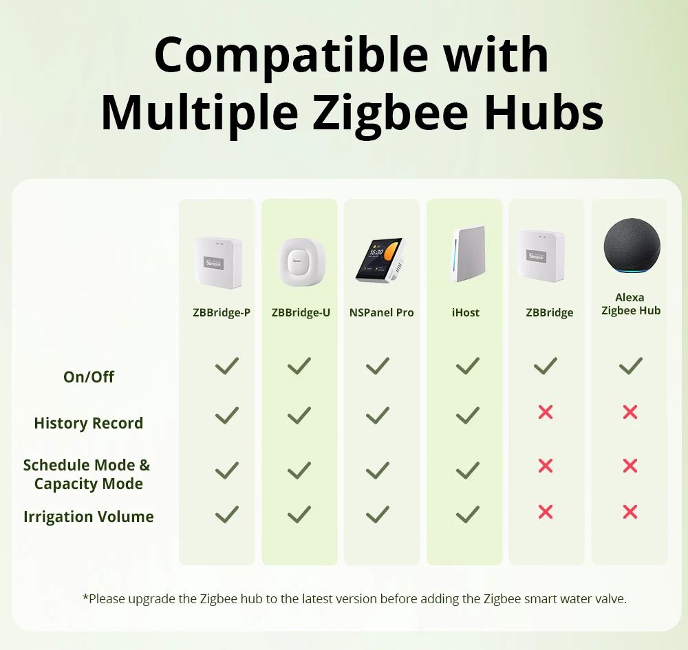 SONOFF Zigbee Smart Water Valve is compatible with Zigbee hubs supporting Zigbee 3.0, including SONOFF iHost, SONOFF NSPanel Pro, ZB Bridge Pro, ZBDongle-P, ZBDongle-E, Echo Plus 2nd…
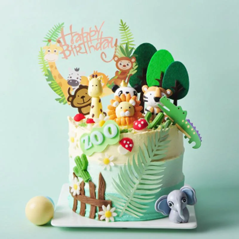 Украшение для торта с животными в зоопарке, декор для торта на день рождения, в джунглях, тематика на день рождения, в лесу, для вечеринки вечерние детского праздника
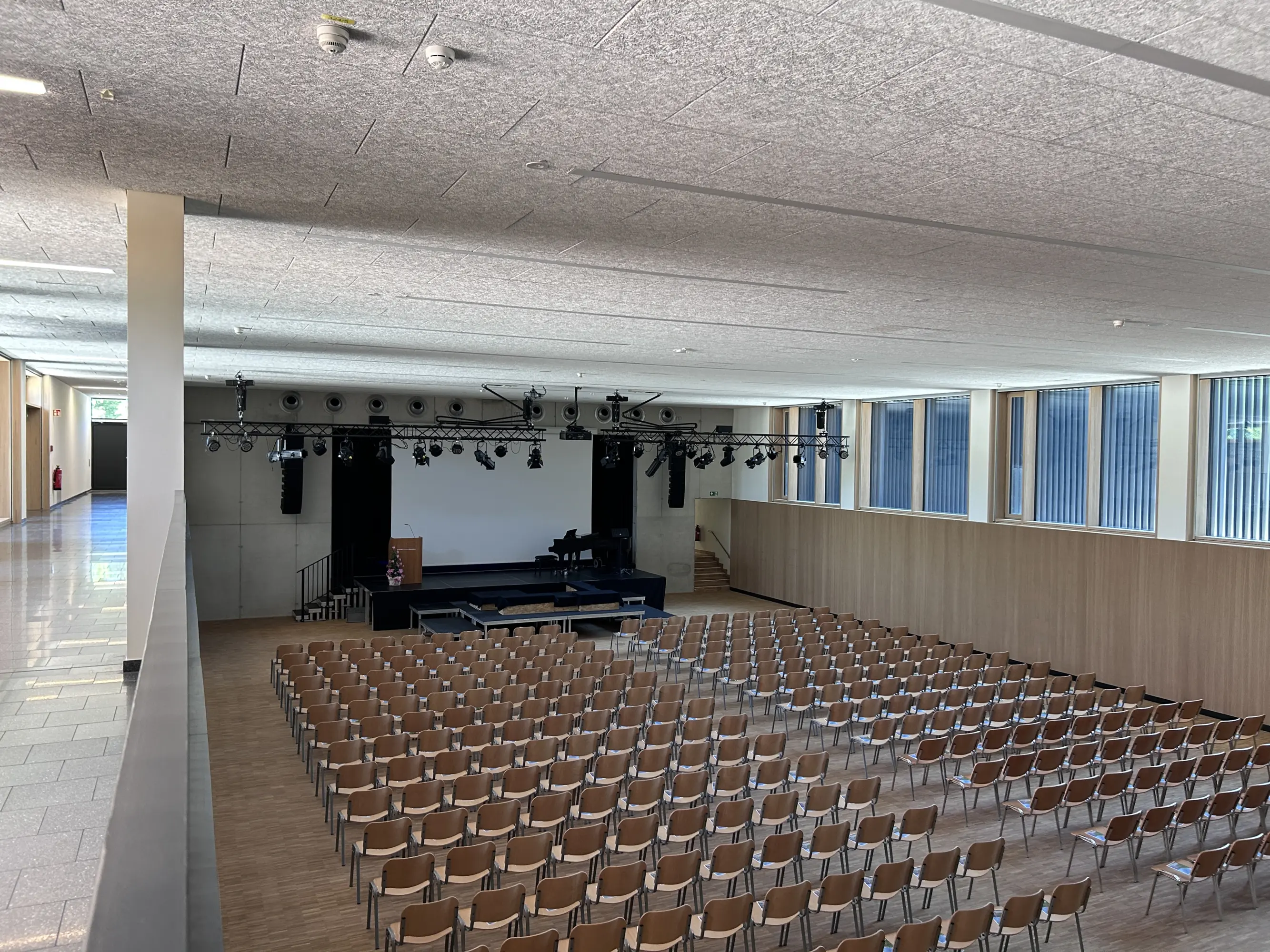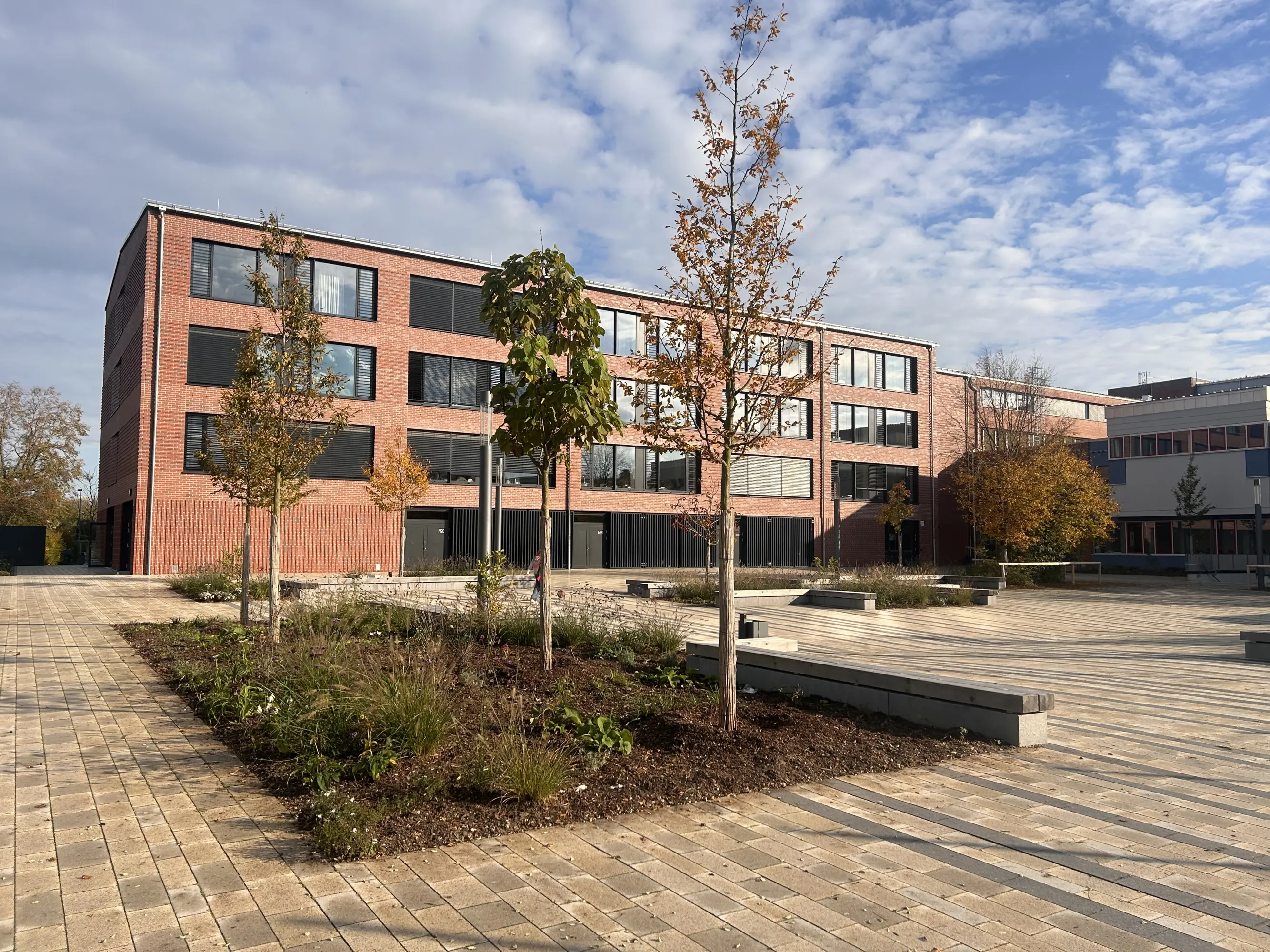 The Humboldt-Gymnasium in Vaterstetten, originally built in 1972, was extended by an additional building that includes classrooms, specialist rooms, areas for modern teaching methods, and a multifunctional single sports hall. The hall can be used for both events and sports lessons and has separate access for extracurricular and evening use. The construction consists of reinforced concrete, a three-storey wall-like beam above the hall, a gently sloping timber roof with stainless steel cladding, and a ventilated clinker brick façade referencing the existing building.

What you have to do. Retype each line above exactly and leave out any picture.

The answer.
 SONOFF Zigbee Smart Water Valve is compatible with Zigbee hubs supporting Zigbee 3.0, including SONOFF iHost, SONOFF NSPanel Pro, ZB Bridge Pro, ZBDongle-P, ZBDongle-E, Echo Plus 2nd…
 Украшение для торта с животными в зоопарке, декор для торта на день рождения, в джунглях, тематика на день рождения, в лесу, для вечеринки вечерние детского праздника
 The Humboldt-Gymnasium in Vaterstetten, originally built in 1972, was extended by an additional building that includes classrooms, specialist rooms, areas for modern teaching methods, and a multifunctional single sports hall. The hall can be used for both events and sports lessons and has separate access for extracurricular and evening use. The construction consists of reinforced concrete, a three-storey wall-like beam above the hall, a gently sloping timber roof with stainless steel cladding, and a ventilated clinker brick façade referencing the existing building.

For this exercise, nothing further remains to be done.